| Assigned task |
Below is a block of entries; repeat exactly the lines starting at the line that contains "صور خاصة بسوريون" and ending at the line that contains "Elevate your home", both included.

(Supplied data Opens)

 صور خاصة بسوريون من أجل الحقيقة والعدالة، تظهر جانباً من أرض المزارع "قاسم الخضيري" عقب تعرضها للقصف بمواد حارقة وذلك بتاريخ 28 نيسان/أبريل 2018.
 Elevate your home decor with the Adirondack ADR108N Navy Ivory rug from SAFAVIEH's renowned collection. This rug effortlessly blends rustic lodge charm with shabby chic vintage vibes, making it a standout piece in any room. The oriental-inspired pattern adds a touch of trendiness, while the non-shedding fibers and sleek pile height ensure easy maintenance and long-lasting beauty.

(Supplied data Closes)
(Supplied data Opens)

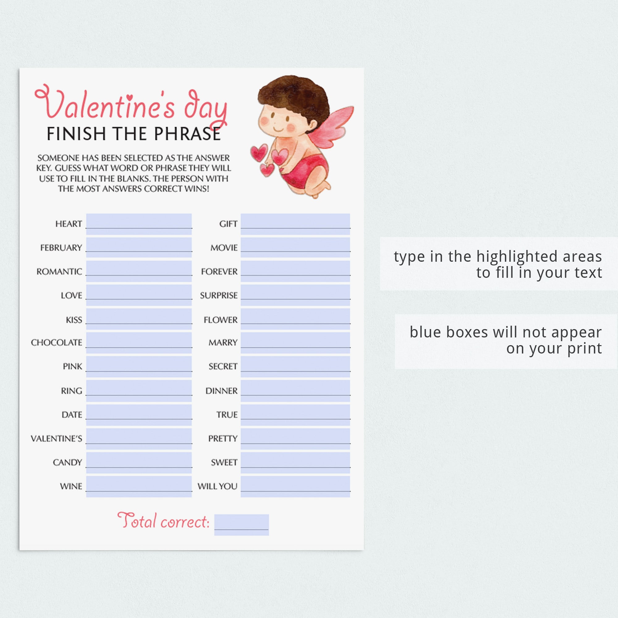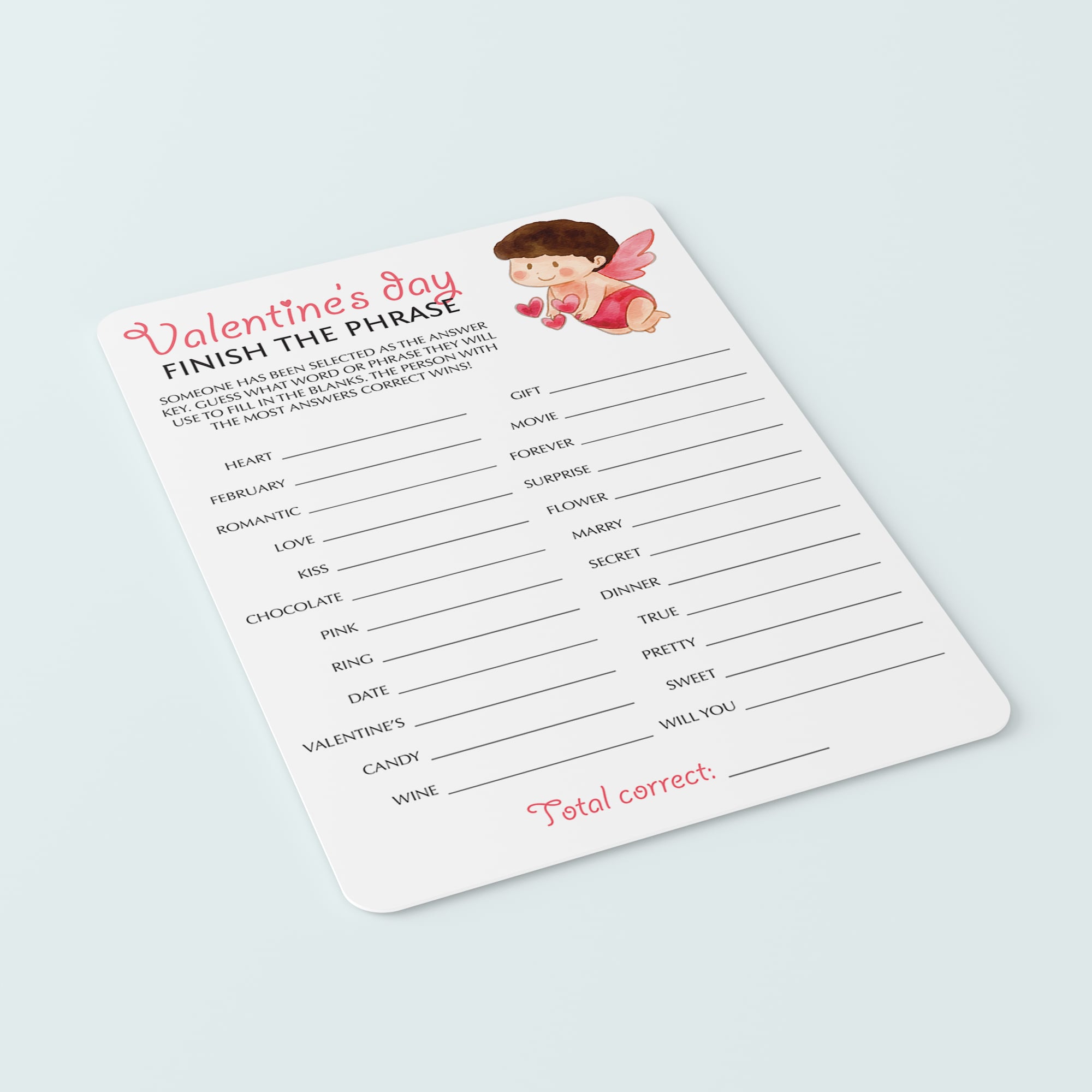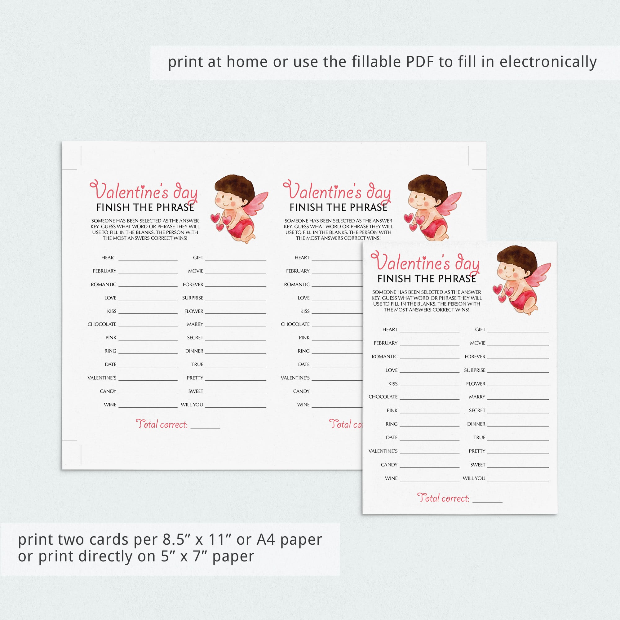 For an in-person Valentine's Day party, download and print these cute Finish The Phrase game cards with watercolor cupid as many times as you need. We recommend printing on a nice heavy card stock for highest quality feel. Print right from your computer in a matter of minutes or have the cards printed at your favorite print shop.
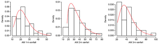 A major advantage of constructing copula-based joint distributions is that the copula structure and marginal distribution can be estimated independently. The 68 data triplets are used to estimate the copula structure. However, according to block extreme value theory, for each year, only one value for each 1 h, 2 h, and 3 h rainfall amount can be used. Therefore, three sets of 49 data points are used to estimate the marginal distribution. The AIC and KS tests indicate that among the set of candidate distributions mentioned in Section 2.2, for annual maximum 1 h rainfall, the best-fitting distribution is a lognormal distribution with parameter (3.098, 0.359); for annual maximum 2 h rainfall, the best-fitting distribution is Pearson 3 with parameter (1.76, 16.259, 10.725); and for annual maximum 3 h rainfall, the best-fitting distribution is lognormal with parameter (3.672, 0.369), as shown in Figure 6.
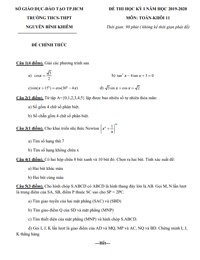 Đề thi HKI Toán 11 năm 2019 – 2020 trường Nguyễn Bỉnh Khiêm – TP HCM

(Supplied data Closes)

| Exercise output |
 صور خاصة بسوريون من أجل الحقيقة والعدالة، تظهر جانباً من أرض المزارع "قاسم الخضيري" عقب تعرضها للقصف بمواد حارقة وذلك بتاريخ 28 نيسان/أبريل 2018.
 Elevate your home decor with the Adirondack ADR108N Navy Ivory rug from SAFAVIEH's renowned collection. This rug effortlessly blends rustic lodge charm with shabby chic vintage vibes, making it a standout piece in any room. The oriental-inspired pattern adds a touch of trendiness, while the non-shedding fibers and sleek pile height ensure easy maintenance and long-lasting beauty.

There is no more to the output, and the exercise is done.